Back in Albania, emigration is causing a demographic crisis. It is one of the only countries in the world where more people live outside its borders than inside. Albania’s population decline is particularly notable among the young and qualified. In 2021, Eurostat reported some 11,200 Albanians applied for asylum in the EU, with almost 5,000 going to France, followed by Germany and Greece. As for the UK, back in 2019, almost 4,000 Albanians sought asylum there, and another 6,300 were awaiting decisions.

Albania’s current issues have been informed by its tragic past. The country was isolated for almost 50 years by the brutal communist dictatorship of Enver Hoxha, who oversaw the murder, persecution, and mass imprisonment of his people. More than 30 years since the transition to democracy, school children have learned little about this era, and more than 6,000 people are still missing.

Lori Amy is a Professor in the Department of Writing and Linguistics at Georgia Southern University who lives in Albania and is researching links between the country’s contemporary issues and its past traumas.

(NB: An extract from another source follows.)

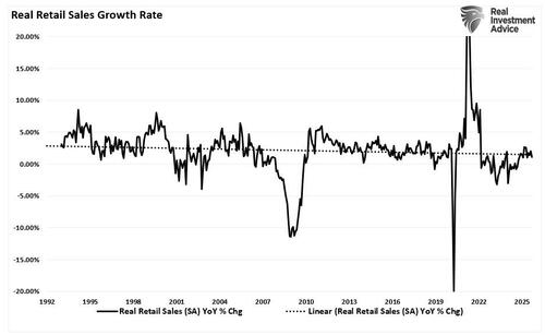 Wall Street’s forward expectations hinge on a growth rebound in 2026. Those projections assume that demand will return and margins will remain stable. However, there is no guarantee that either of those assumptions are accurate. If margins have already peaked, inflation declines as demand erodes, and employment falls, negative earnings revisions could be substantial. The year-over-year change in real retail sales, as shown in the chart, has hovered near recessionary warning levels. With consumers already strained by high debt service costs, weak wage growth, and declining savings, discretionary spending is under pressure, which directly affects earnings across cyclical sectors.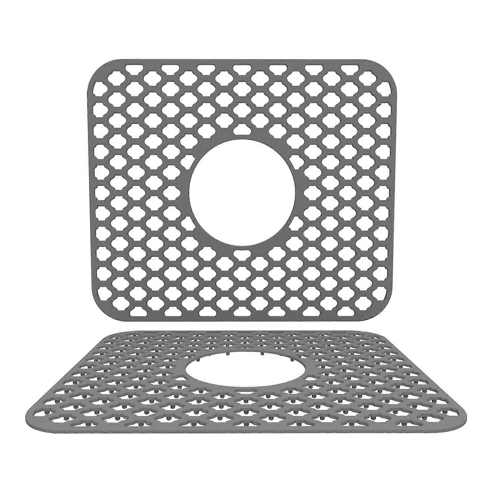 Non-Slip & Anti-Scratch Silicone Sink Mat - Grey with Central Hole

Amy said this mass exodus is not a new phenomenon. Between 1989-2001, a period of transition and civil conflict, some 710,000 people left the country in multiple waves. Between 2010-2019, more than 193,000 applied for asylum in the EU, peaking in 2015 with 67,000 applications in a year.

She believes this failure to confront the past is part of the reason why people want to leave.

“An entire history of trauma from the Ottomans, the First Balkan Wars, Communism, civil war in 1997, mass emigration in waves, purges… there has been no reconciliation ever. Reconciliation is needed with the entire history of trauma.” She said trauma is passed through generations, and with no reconciliation, and a lack of historical awareness, people feel “they have nothing to be proud of, or to hope for.”